*** DATA SECTION Section Begins ***

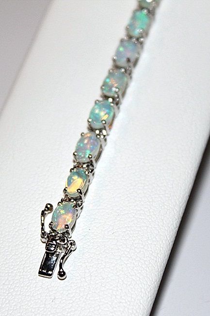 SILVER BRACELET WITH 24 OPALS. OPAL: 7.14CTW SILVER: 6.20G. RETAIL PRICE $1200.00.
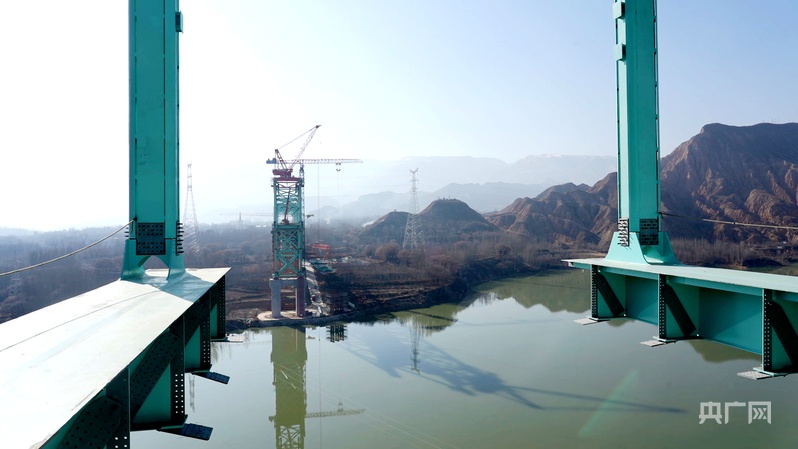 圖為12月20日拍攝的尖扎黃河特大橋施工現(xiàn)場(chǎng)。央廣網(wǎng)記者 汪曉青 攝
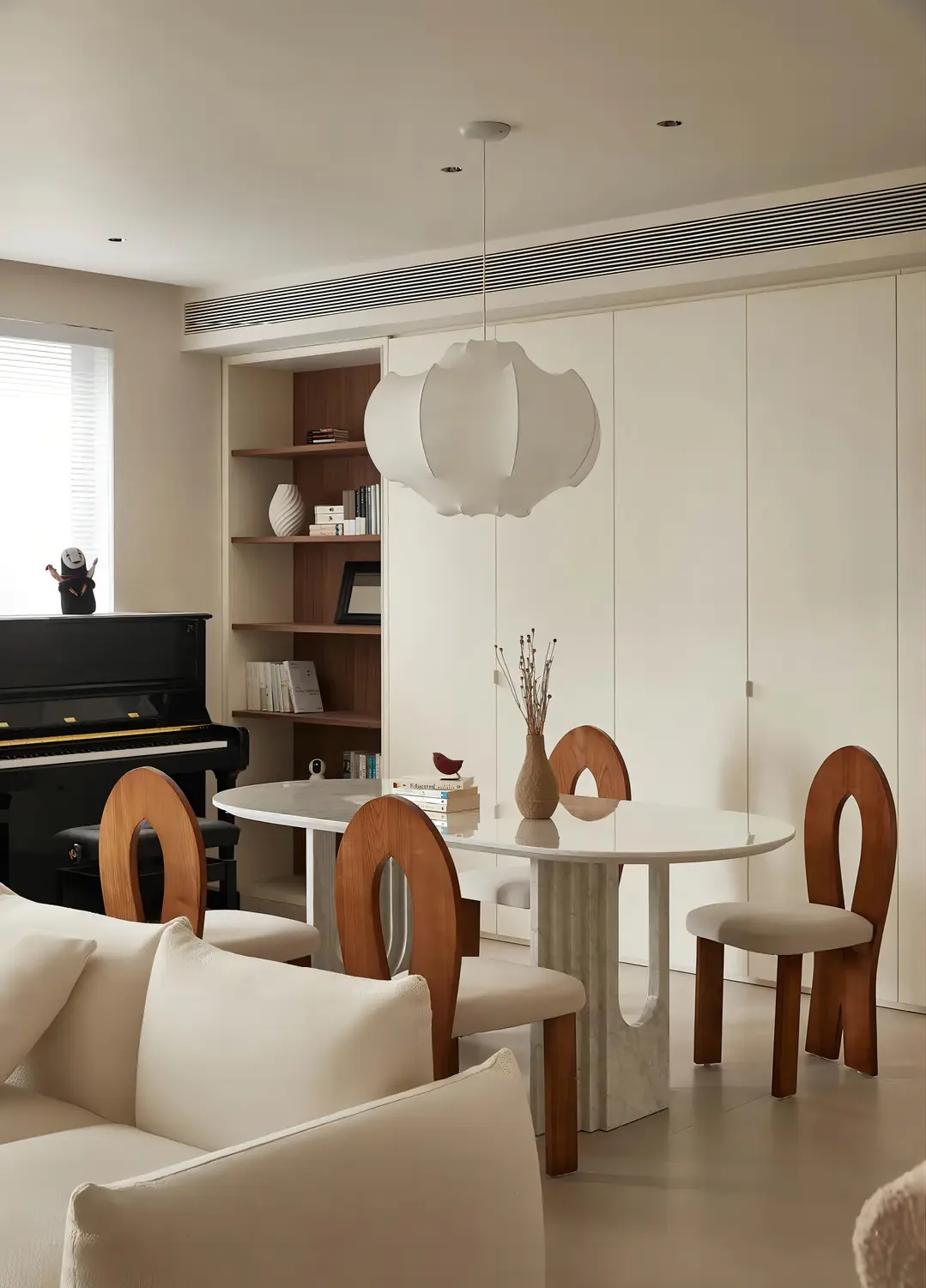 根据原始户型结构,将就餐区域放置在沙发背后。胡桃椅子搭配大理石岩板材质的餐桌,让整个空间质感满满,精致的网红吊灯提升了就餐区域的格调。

*** DATA SECTION Section Ends ***
*** DATA SECTION Section Begins ***

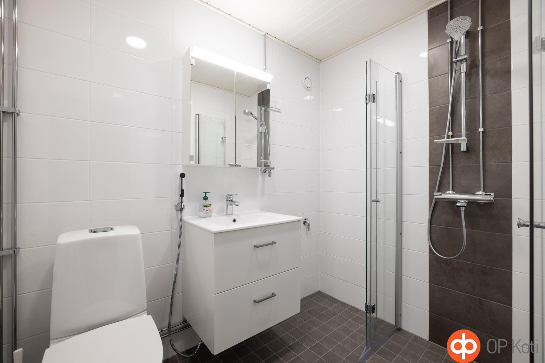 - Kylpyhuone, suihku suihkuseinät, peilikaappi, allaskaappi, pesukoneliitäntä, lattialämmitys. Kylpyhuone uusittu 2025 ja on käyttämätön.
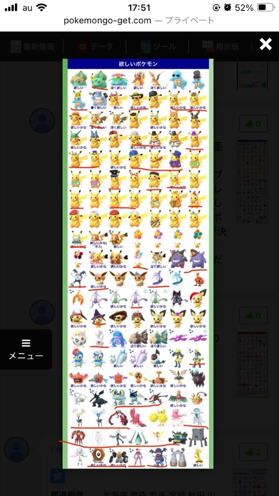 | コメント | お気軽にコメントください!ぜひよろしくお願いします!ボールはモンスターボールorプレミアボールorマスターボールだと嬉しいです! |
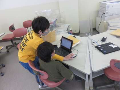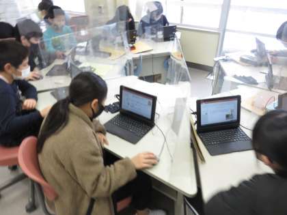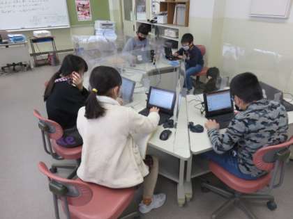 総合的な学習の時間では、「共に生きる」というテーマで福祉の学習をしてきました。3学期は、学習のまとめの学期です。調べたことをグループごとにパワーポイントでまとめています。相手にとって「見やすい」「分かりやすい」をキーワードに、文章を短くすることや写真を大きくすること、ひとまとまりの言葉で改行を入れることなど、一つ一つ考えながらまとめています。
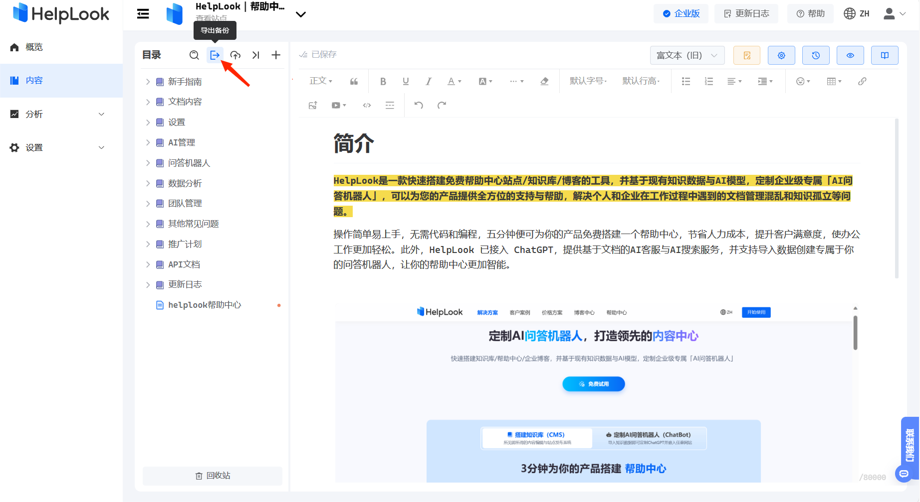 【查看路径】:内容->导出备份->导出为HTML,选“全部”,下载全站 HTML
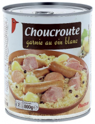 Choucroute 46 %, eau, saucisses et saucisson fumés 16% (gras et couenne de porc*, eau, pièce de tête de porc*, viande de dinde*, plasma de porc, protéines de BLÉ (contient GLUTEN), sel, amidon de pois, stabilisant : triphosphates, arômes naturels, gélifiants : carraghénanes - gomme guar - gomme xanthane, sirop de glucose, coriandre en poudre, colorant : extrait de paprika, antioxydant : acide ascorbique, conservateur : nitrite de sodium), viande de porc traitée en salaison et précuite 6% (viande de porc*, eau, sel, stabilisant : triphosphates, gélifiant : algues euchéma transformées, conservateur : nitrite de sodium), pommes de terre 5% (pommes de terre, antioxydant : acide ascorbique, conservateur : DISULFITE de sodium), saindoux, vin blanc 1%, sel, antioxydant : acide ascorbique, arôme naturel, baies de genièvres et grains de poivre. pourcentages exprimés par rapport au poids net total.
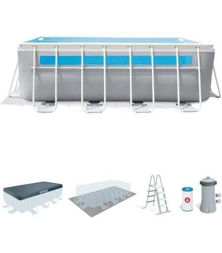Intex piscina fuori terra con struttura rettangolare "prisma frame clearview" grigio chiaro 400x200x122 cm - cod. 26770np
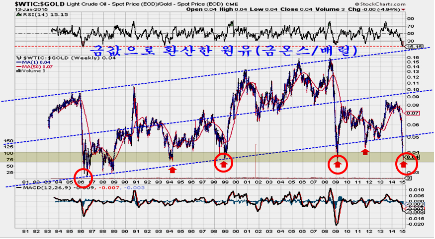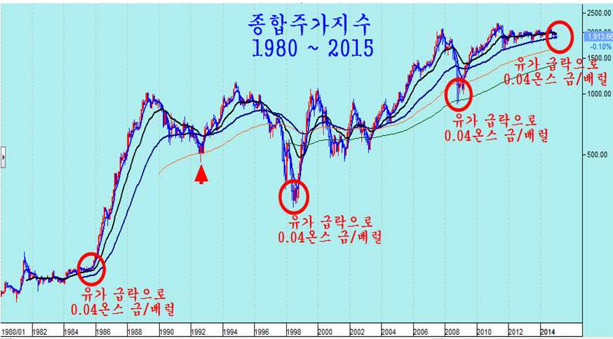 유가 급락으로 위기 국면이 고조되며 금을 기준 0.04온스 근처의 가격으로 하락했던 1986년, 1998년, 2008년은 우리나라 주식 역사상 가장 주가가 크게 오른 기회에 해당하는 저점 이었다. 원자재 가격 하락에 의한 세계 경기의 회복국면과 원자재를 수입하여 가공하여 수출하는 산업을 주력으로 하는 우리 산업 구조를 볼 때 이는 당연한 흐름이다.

*** DATA SECTION Section Ends ***
*** DATA SECTION Section Begins ***

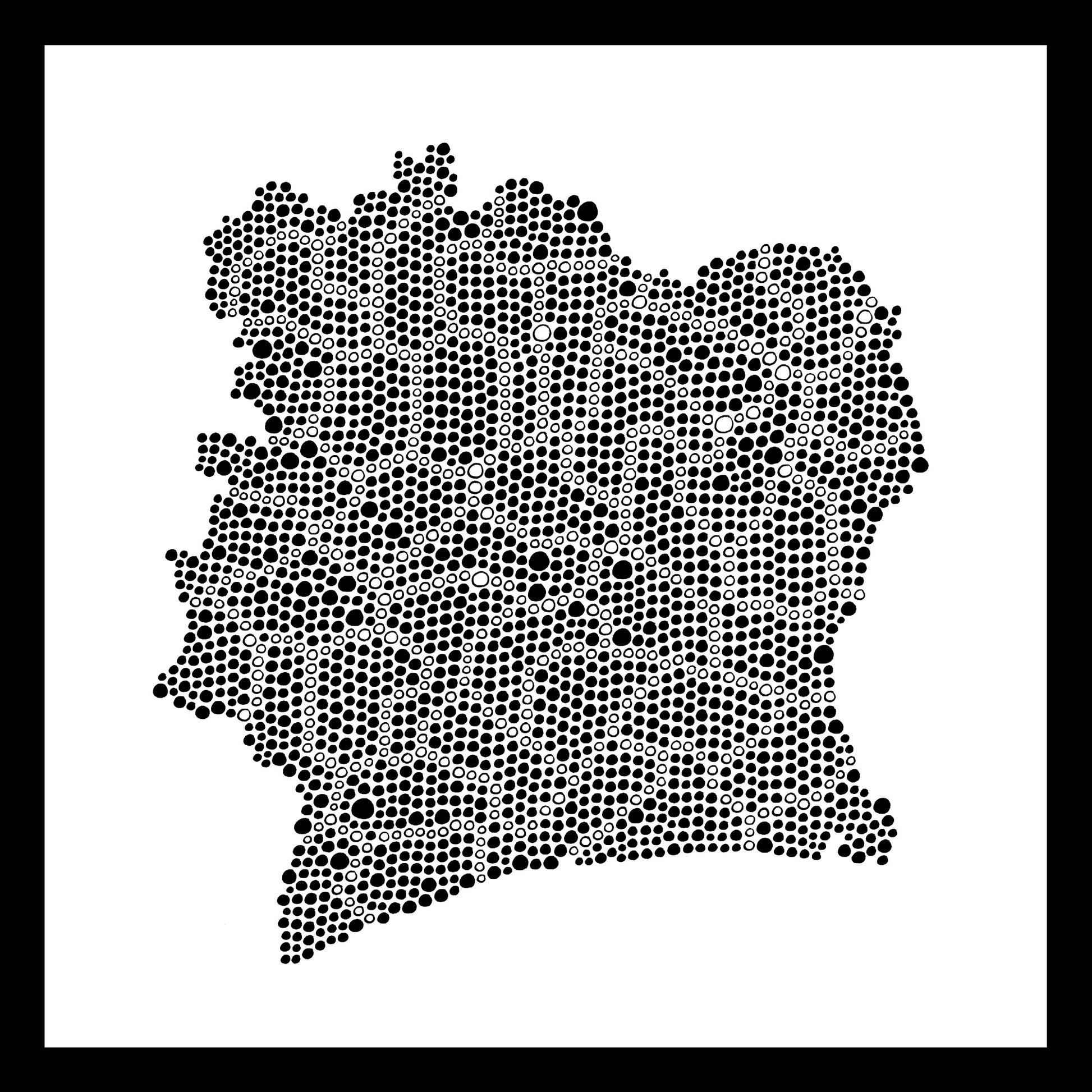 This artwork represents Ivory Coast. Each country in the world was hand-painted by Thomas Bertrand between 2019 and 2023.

*** DATA SECTION Section Ends ***

WHAT IS EXPECTED ▸ What is needed is an exact copy of the lines above from the one with "SILVER BRACELET WITH" to the one with "根据原始户型结构,将就餐区域", both ends kept, and nothing more; please leave the pictures out.

RESPONSE ▸
 SILVER BRACELET WITH 24 OPALS. OPAL: 7.14CTW SILVER: 6.20G. RETAIL PRICE $1200.00.
 圖為12月20日拍攝的尖扎黃河特大橋施工現(xiàn)場(chǎng)。央廣網(wǎng)記者 汪曉青 攝
 根据原始户型结构,将就餐区域放置在沙发背后。胡桃椅子搭配大理石岩板材质的餐桌,让整个空间质感满满,精致的网红吊灯提升了就餐区域的格调。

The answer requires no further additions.